Он сам предсказал свою посмертную судьбу в пронзительном стихотворении 1933 года «Это какая улица?..»:
Позже, уже в перестроечные годы, настанет черед воспоминаний Надежды Яковлевны – великой вдовы, как называли ее современники. Когда я читала студентам перемежающиеся постоянными уточнениями заметки о лагерном бытии и гибели Осипа Эмильевича, то с немалым трудом удерживала срывающийся голос. Беспощадный сарказм «Второй книги» по сей день помогает мне сохранять на должной высоте планку нравственной оценки подлостей и пошлостей современной российской действительности, корни которых так и не выдернуты из прошлого.
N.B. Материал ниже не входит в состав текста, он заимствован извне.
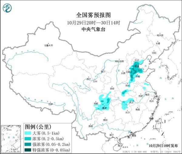 10月29日夜间至30日上午,北京东南部、天津、河北东部和中南部、山东西北部、河南北部和南部、江苏北部、湖北中部、湖南北部、四川盆地等地的部分地区有大雾,其中天津西南部、河北东南部、山东西北部、四川盆地等地局部有能见度不足200米的强浓雾。

Кстати, при всей уважительной любви к личности и творчеству Л. К. Чуковской, никак не могу согласиться с той уничижительной характеристикой мемуаров Надежды Яковлевны, которая дана в книге «Дом поэта». Право вдовы Мандельштама на некоторые неточности и порой слишком фамильярные характеристики выстрадано, сполна оплачено и полностью искупается не щадящей себя откровенностью.
Почему-то в моем читательском мире не пролегало пресловутой границы, в шутку характеризуемой следующим образом: «чай, собака, Пастернак» – «кофе, кошка, Мандельштам». Так же, как Толстой и Достоевский, необходимы были оба, как равно необходимыми оказались Цветаева и Ахматова. Не думаю, что это показатель всеядности. Необходимым становилось все настоящее, «крупное, неотменимое», все, что свидетельствовало о подлинной человечности и страстном, нескончаемом, у каждого своем поиске истины.
Как по-разному великая четверка воспринимала один и тот же кровоточащий кусок времени и истории, выпавший им на долю! (Один и тот же – напоминаю годы рождения: 1889 – Ахматова, 1890 – Пастернак, 1891 – Мандельштам, 1892 – Цветаева.) И как глубоко, нестандартно, пластично и чувственно явлено время в их творчестве. К слову, у меня никогда не возникало желания присоединить к ним Маяковского, видимо, из-за насилия, учиненного им по собственной воле над собственным поэтическим трудом. Ничего подобного не могло быть в судьбе тех четверых, и это лучшее доказательство высшего качества их человеческой природы. Они не только прочно поставили мой поэтический слух, навсегда задав планку восприятия художественного слова, но и воспитывали бесстрашие: если существует такое искусство, то, что бы ни происходило, жить не страшно…
Погружение в безвременье
(1972–1975)
А впрочем, какое уж тут бесстрашие! В 1975 году я защищала кандидатскую диссертацию, и по настоянию коллег пришлось удалить из библиографического списка книгу известного лингвиста и культуролога В. А. Московича, незадолго до этого эмигрировавшего в Израиль. Царапнуло внутри неприятным холодком, но и только. А ведь еще в 1969-м я слушала блестящее выступление Московича, бывшего оппонентом на защите одного из лучших учеников Б. Н. Головина – Рафаила Юрьевича Кобрина, моего коллеги и друга. На глазах менялось отношение к новому в нашей науке. Например, если в 1960-х Юрий Михайлович Лотман (как и Тартуская семиотическая школа) были нашими кумирами, то уже с начала 1970-х начинается осторожное отторжение, а затем и откровенное неприятие и осуждение многих его работ.
В общем, жизнь текла безостановочно, повседневность требовала какого-никакого, а осмысления, тем более что после 1968 года (вторжения советских войск в Чехословакию) ощущение если не пошлости, то вязкой косности мысли и действия начинало бессознательно затруднять дыхание. 1970-е и 1980-е годы горько вспоминаются незаметным ростом усталого равнодушия, ватного бессилия любой внеличной инициативы. Потому и погружались с головой многие мои друзья в личную жизнь, в доступное искусство, во всевозможные хобби, в пьянство наконец. Или готовились к эмиграции.